Knochenlager verdienen in hygienischer Hinsicht Berücksichtigung, weil die den K. anhaftenden Weichteile faulen, üble Gerüche verbreiten und die Nachbarschaft belästigen und schädigen. In dicht verschlossenen Knochenlagern wird der Sauerstoff der Luft aufgezehrt und Kohlensäure entwickelt, die sich in solcher Masse ansammeln kann, daß die das Lager Betretenden in Gefahr kommen, zu ersticken. Trockenheit der Lagerräume und Ventilation erscheinen dringend notwendig. Bei der Hantierung mit K. ist auch Gefahr der Übertragung von Milzbrand vorhanden, und die K. sollten daher nur mit Schaufeln oder Gabeln unter Vermeidung von Staubbildung bewegt werden. Arbeiter mit Wunden an den Händen sind von der Berührung der K. fernzuhalten. Beim Entfetten der K. durch Kochen sind die sich entwickelnden übelriechenden Dämpfe in die Esse zu leiten, besser ist die Anwendung geschlossener Zylinder zum Kochen, das Verfahren mit Benzin erfordert gutes Schließen der Apparate. Beim Darren der K. sind die Arbeiter der Hitze und beim Mahlen dem Staub ausgesetzt. Beim Aufschließen der K. mit Säuren entwickeln sich sehr übelriechende Dämpfe, für die gute Abzugsvorrichtungen anzubringen sind. Dies ist namentlich erforderlich, wenn auch Salzsäure zur Anwendung kommt. Knochenmehllager sind für die Nachbarschaft höchst lästig und sollten wie Guanolager behandelt werden. Bei der Darstellung von Knochenkohle müssen die stinkenden Dämpfe und Gase in eine starke Feuerung geleitet werden; aber auch wenn man die Dämpfe verdichtet, entwickeln die Fabriken sehr üble Gerüchte.

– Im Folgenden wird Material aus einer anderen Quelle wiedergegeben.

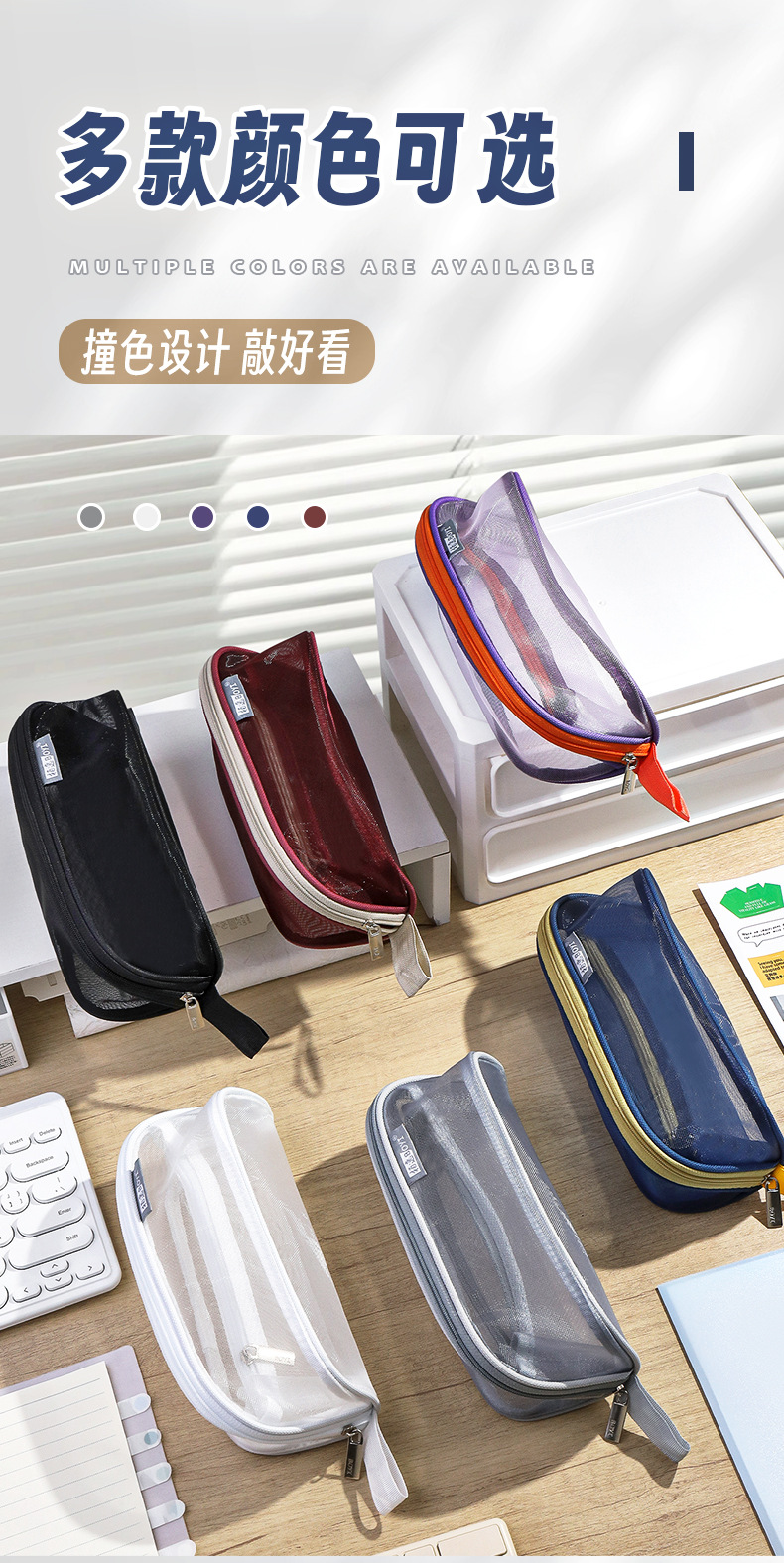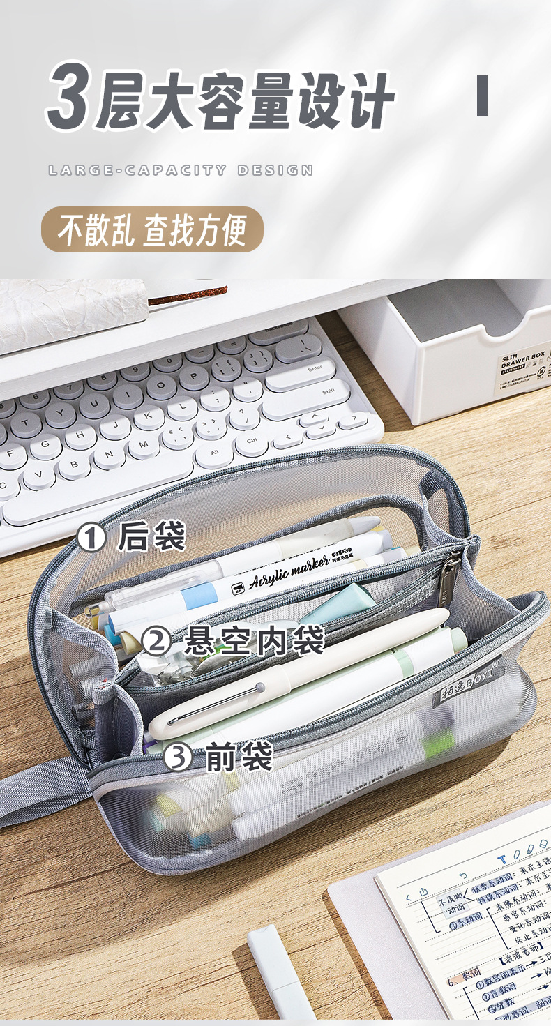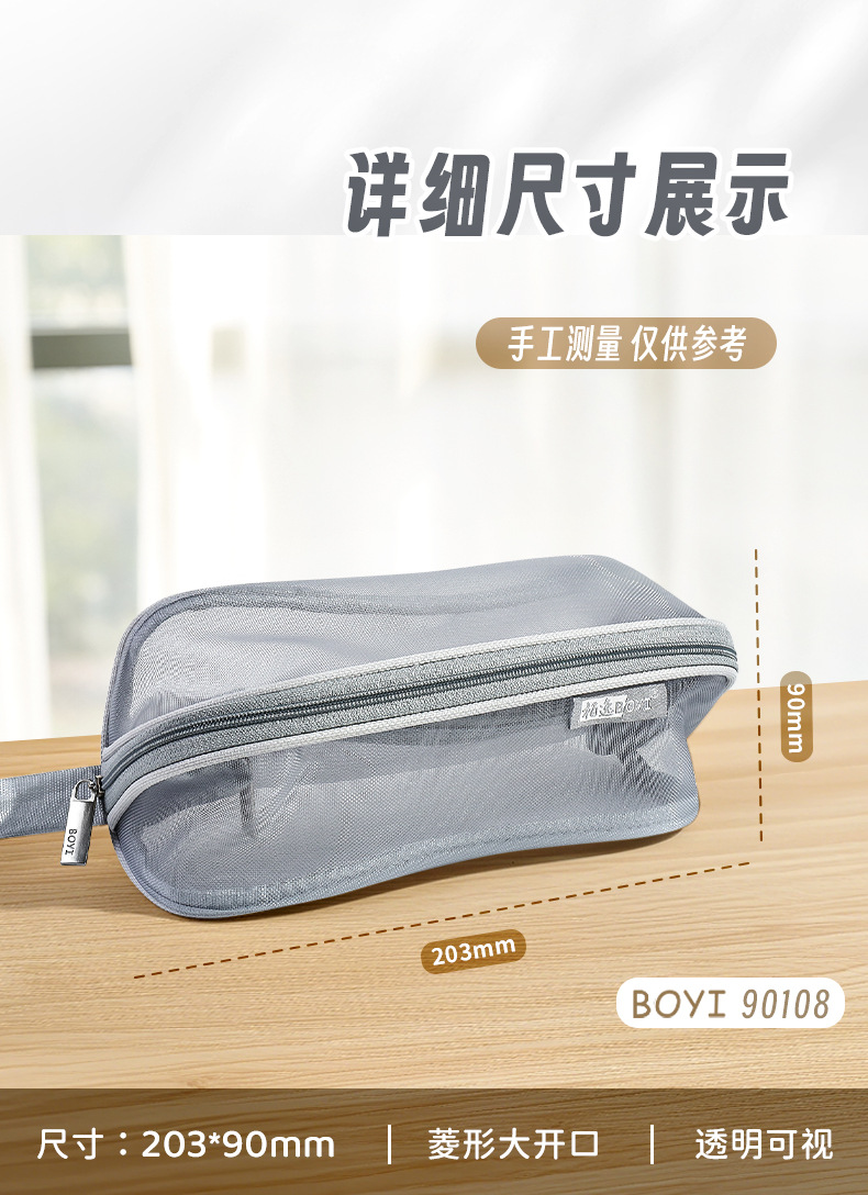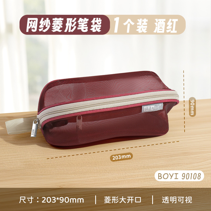 투명 메쉬 연필 가방 180도 대형 개방형 대용량 간단한 도파민 컬러 학생 문구 보관 연필 가방
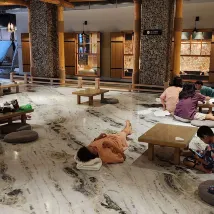 - You take off your shoes, exchange them for slippers they offer and store your shoes in your locker. You get a key you take inside which is for free.
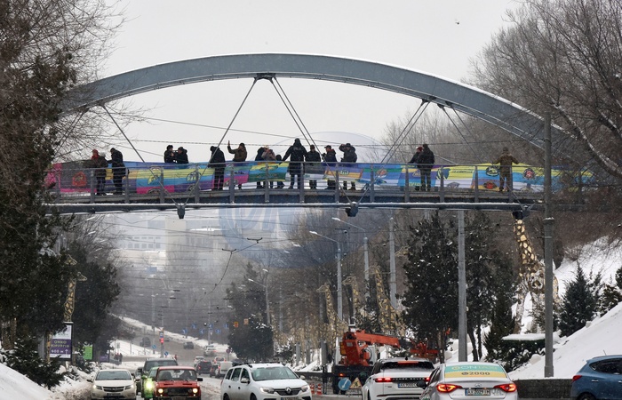 Activists unfurl a 70-meter flag made from banners of military units from the Anti-Terrorist Operation (ATO) period on the Zoolohichnyi Bridge to mark Ukraine's Unity Day in Kharkiv, Ukraine, on January 22, 2026, Credit:Viacheslav Madiievskyi / Avalon
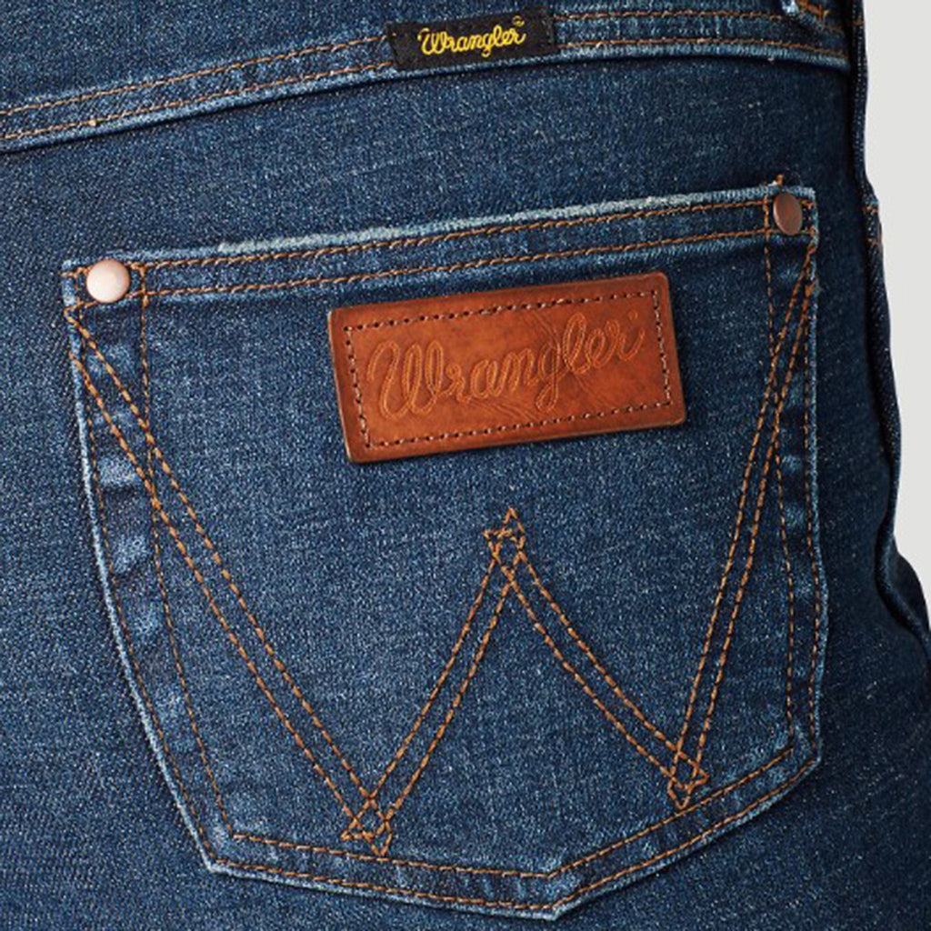 Traditional 5-pocket styling with classic Wrangler 'W' on back pockets. Zipper fly with button front closure. This style offers a close fit through the thigh before releasing at the knee to a subtle, wide-leg opening that fits perfectly around your favorite cowgirl boots and Western-inspired heels.
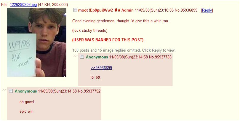 However, in December 07, moot's castle of hentai, AIDS, and cat macros was taken from him, forcing him to live as just another gay person on the internet for a few days.
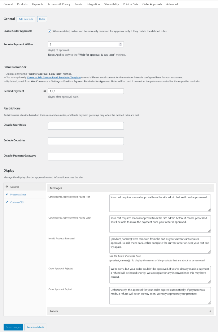 ↑ Back to topAfter activation of Ultimate Order Approval, navigate to: WooCommerce > Settings > Order Approvals to setup the plugin settings.
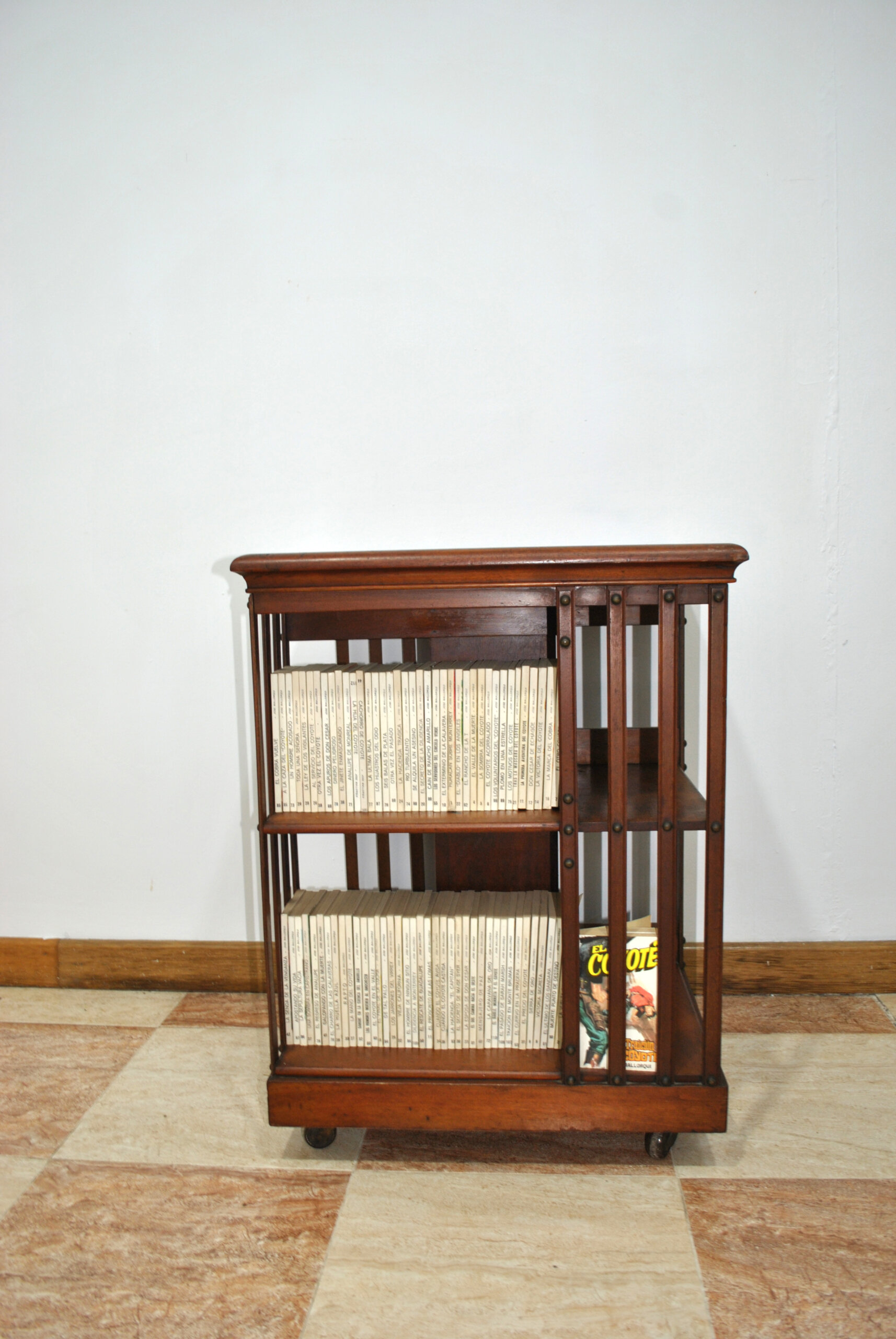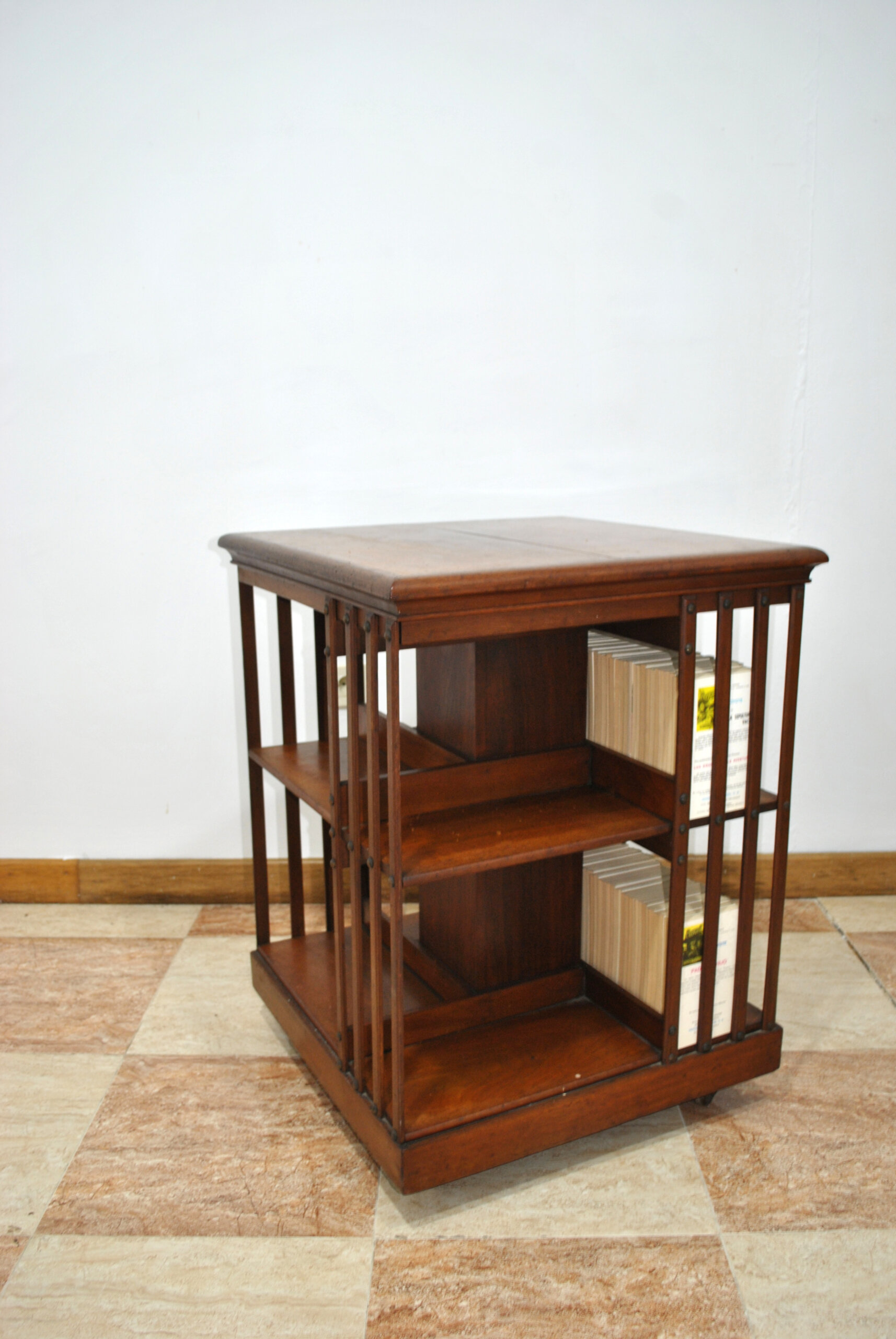 REF: 12292 – Original mesa librería giratoria de estilo clásico realizada en madera maciza con bonito acabado en tono nogal. Se trata de una pieza muy funcional y decorativa que combina mesa auxiliar con estantería para libros, revistas o pequeños objetos decorativos.
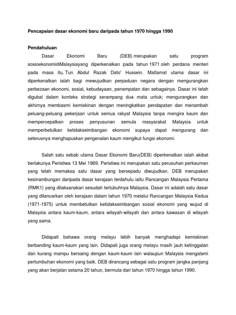 Pencapaian Dasar Ekonomi Baru Daripada Tahun 1970 Hingga 1991 Getfgfdjjd
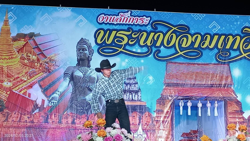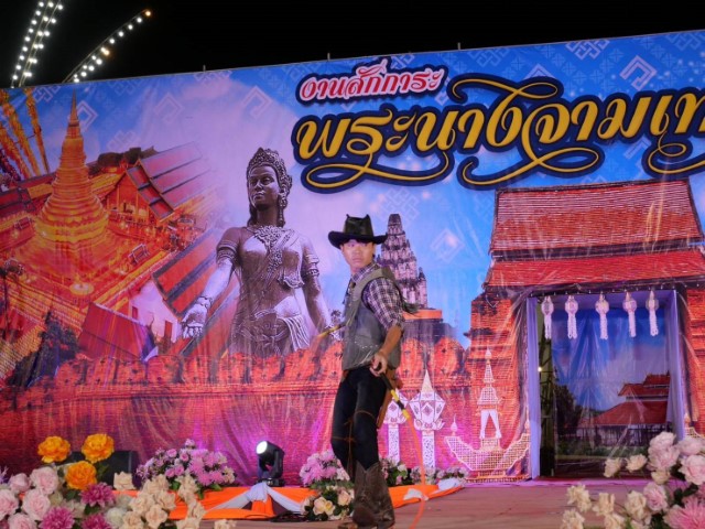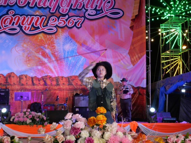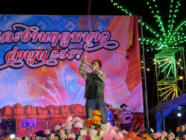 เข้าร่วมกิจกรรมการแสดง การฟาดแซ้ในกิจกรรม Cowboy Night ณ เวทีกลาง งานสักการะพระนางจามเทวี และงานฤดูหนาวจังหวัดลำพูน

Vorgeschichtliche Knochengeräte sind meistens kleiner als die Hirschhorngeräte (s. Hirschhorn) und kamen da zur Verwendung, wo die Festigkeit des Hirschhorns nicht ausreichte, z. B. bei längern Meißeln, Messern, Harpunen, dünnen Pfriemen und Nadeln. Größere Stücke sind die sogen. Schlittknochen, Beinknochen oder Rippen von Pferd und Rind, die, unter die Füße gebunden, als Schlittschuhe oder Schneeschuhe dienten. Bei der Weberei fanden Eberhauer und andre K. zum Glätten des Gewebes Anwendung. Weberschiffchen und Webnadeln, Instrumente zum Netzstricken etc. wurden ebenfalls häufig aus K. hergestellt. – Auch bei den heutigen Naturvölkern ist die Verwendung von K. zu Waffen und Geräten recht mannigfaltig, besonders dort, wo Metalle fehlen, also in Amerika und dem Stillen Ozean. Für Neuguinea geradezu charakteristisch ist der Dolch aus dem Oberschenkelknochen des Kasuars, der gleicherweise auch als Speerschuh verwendet wird. In einzelnen Fällen werden auch menschliche Oberarmknochen zum gleichen Zwecke verwendet. Rippen verschiedener Tiere, Unterkiefer von Menschen, Vogelschnäbel und andre tierische Bestandteile dienen dann ferner auch zum Schmuck, brettartig bearbeitete Pottwalknochen in Mikronesien als Webebrett. Der Penisknochen des Walrosses wurde in vorgeschichtlicher Zeit und wird auch noch jetzt gern als Keule benutzt. Zu Meißeln, Bohrern, Brechern, Speer- und Harpunenspitzen, Pfriemen und Nadeln, Messern, Löffeln u. dgl. werden bei den genannten Naturvölkern und auch den Hyperboreern K. fast genau in demselben Maße benutzt wie in vorgeschichtlicher Zeit.

Quelle:
Meyers Großes Konversations-Lexikon, Band 11. Leipzig 1907, S. 177-178.